Question

Corn plants from a test plot are measured, and the distribution of heights at \(10-\mathrm{cm}\) intervals is recorded in the following table: $$\begin{array}{cc}\text { Height }(\mathrm{cm}) & \text { Plants (no.) } \\\100 & 20 \\\110 & 60 \\\120 & 90 \\\130 & 130 \\\140 & 180 \\\150 & 120 \\\160 & 70 \\\170 & 50 \\\180 & 40\end{array}$$ Calculate (a) the mean height, (b) the variance, (c) the standard deviation, and (d) the standard error of the mean. Plot a rough graph of plant height against frequency. Do the values represent a normal distribution? Based on your calculations, how would you assess the variation within this population?

Short answer

Short Answer: Plant heights in the given population have an approximate mean of 135.6 cm and a standard deviation of 23.47 cm. The standard error of the mean is 0.80 cm, suggesting an accurate estimation of the mean height for the entire population. By sketching a plot of plant height against frequency, we can observe if the distribution is approximately normal. Based on the calculated statistics and the shape of the distribution, we can conclude that there is a moderate amount of variation in height within this corn plant population.

Step-by-step solution

Calculate the Mean Height

To find the mean height, we need to find the sum of the product of each height and the number of plants at that height, then divide by the total number of plants. Using the given table, we can calculate the mean height \((\bar{x})\) using the formula: \(\bar{x} = \cfrac{\sum{(x \cdot f)}}{\sum{(f)}}\) $$ \bar{x} = \cfrac{(100\cdot20)+(110\cdot60)+(120\cdot90)+(130\cdot130)+(140\cdot180)+(150\cdot120)+(160\cdot70)+(170\cdot50)+(180\cdot40)}{20+60+90+130+180+120+70+50+40} $$ $$ \bar{x} = \cfrac{2000+6600+10800+16900+25200+18000+11200+8500+7200}{870} $$ $$ \bar{x} \approx 135.6 \ \text{cm} $$

Calculate the Variance

The variance \((s^2)\) can be calculated using the formula: \(s^2 = \cfrac{\sum{(x^2 \cdot f)}}{\sum{(f)}} - (\cfrac{\sum{(x \cdot f)}}{\sum{(f)}})^2\) $$ s^2 = \cfrac{(100^2 \cdot 20)+(110^2 \cdot 60)+(120^2 \cdot 90)+(130^2 \cdot 130)+(140^2 \cdot 180)+(150^2 \cdot 120)+(160^2 \cdot 70)+(170^2 \cdot 50)+(180^2 \cdot 40)}{870} - (135.6)^2 $$ $$ s^2 = \cfrac{200000+726000+1296000+2197000+3528000+2700000+1792000+1445000+1166400}{870} - 18362.56 $$ $$ s^2 \approx 550.9 $$

Calculate the Standard Deviation

The standard deviation \((s)\) is the square root of the variance: $$ s = \sqrt{s^2} = \sqrt{550.9} \approx 23.47 \ \text{cm} $$

Calculate the Standard Error of the Mean

Standard error of the mean (SEM) can be calculated using the formula: \(\text{SEM} = \cfrac{s}{\sqrt{N}}\) For our data, \(N = \sum{(f)} = 870\), so: $$ \text{SEM} = \cfrac{23.47}{\sqrt{870}} \approx 0.80 \ \text{cm} $$

Sketch the Plot of Plant Height Against Frequency

To create a rough sketch of the data, we can plot the given heights (x-axis) against the number of plants at each height (y-axis). The shape of this plot will help us determine if the data follows a normal distribution.
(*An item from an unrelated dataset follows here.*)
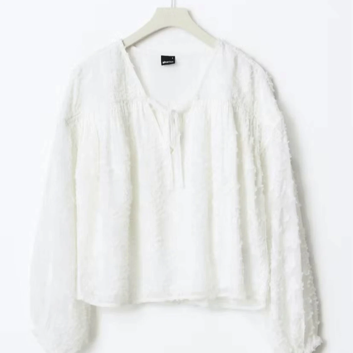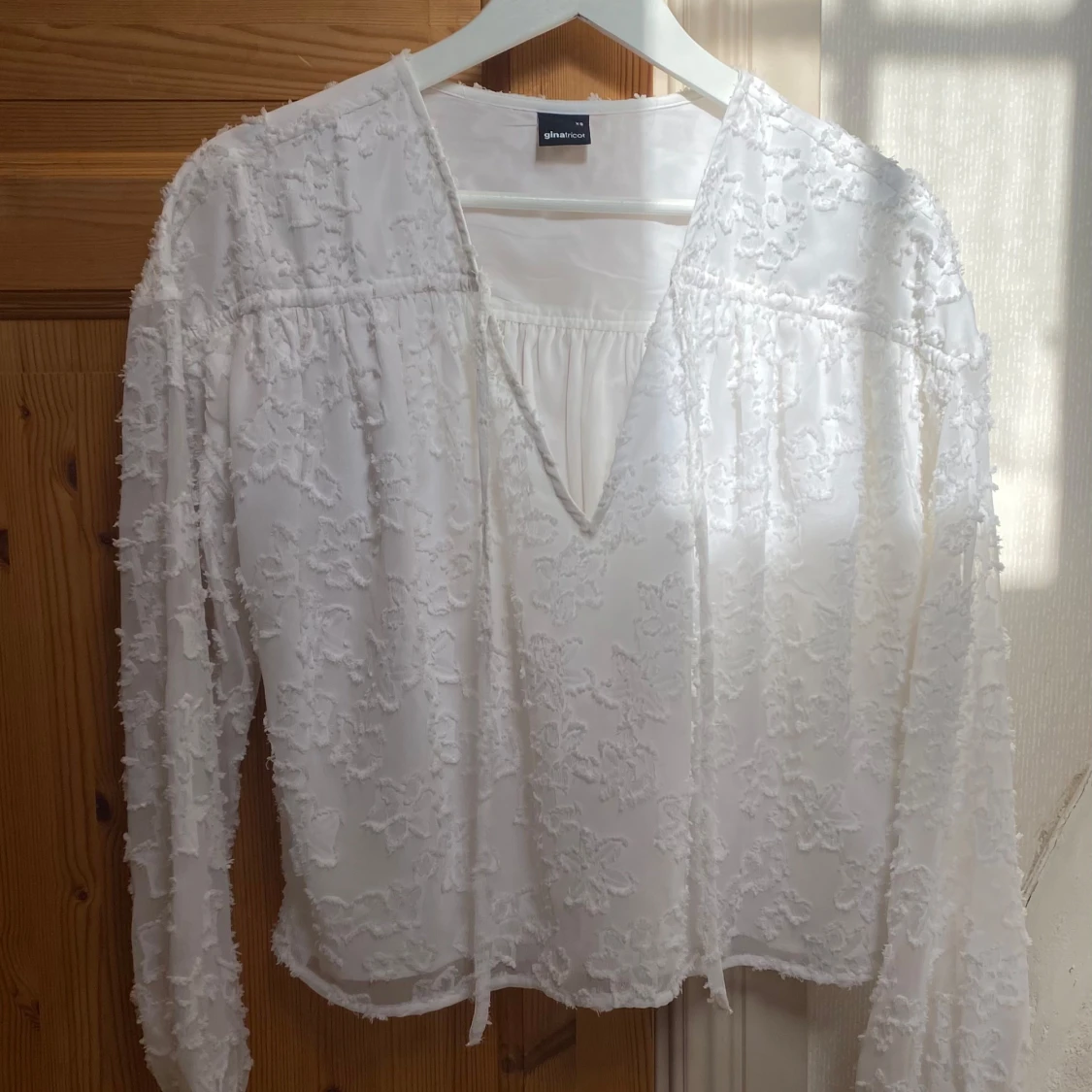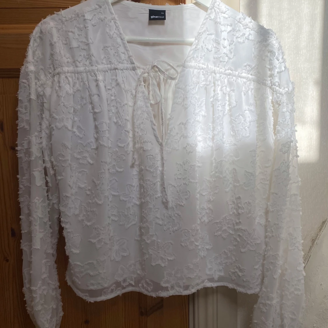 En jättefin blus från gina tricot, endast använd en gång❤️ Den har knytband vid urringningen. Nypris 459, jag säljer för 200kr🥰 Skriv vid frågor eller för fler bilder!

Determine Normality of the Distribution

By inspecting the plotted graph, we can observe if the data follows an approximate bell shape symmetric about the mean value. If the graph shows these characteristics, we can infer that the data distribution is approximately normal.

Assess the Variation Within the Population

In order to assess the variation within the population, we can examine the calculated statistics. The standard deviation (about \(23.47 \ \text{cm}\)) and the standard error of the mean (about \(0.80 \ \text{cm}\)) can provide insight on how much deviation there is from the mean and the accuracy of the mean estimation for the entire population. The standard deviation indicates a moderate amount of variability in plant heights; meanwhile, the standard error implies that the mean height is an accurate measure of the whole population. By carefully considering these statistics and the distribution's shape, an assessment of the variation within this corn plant population can be concluded.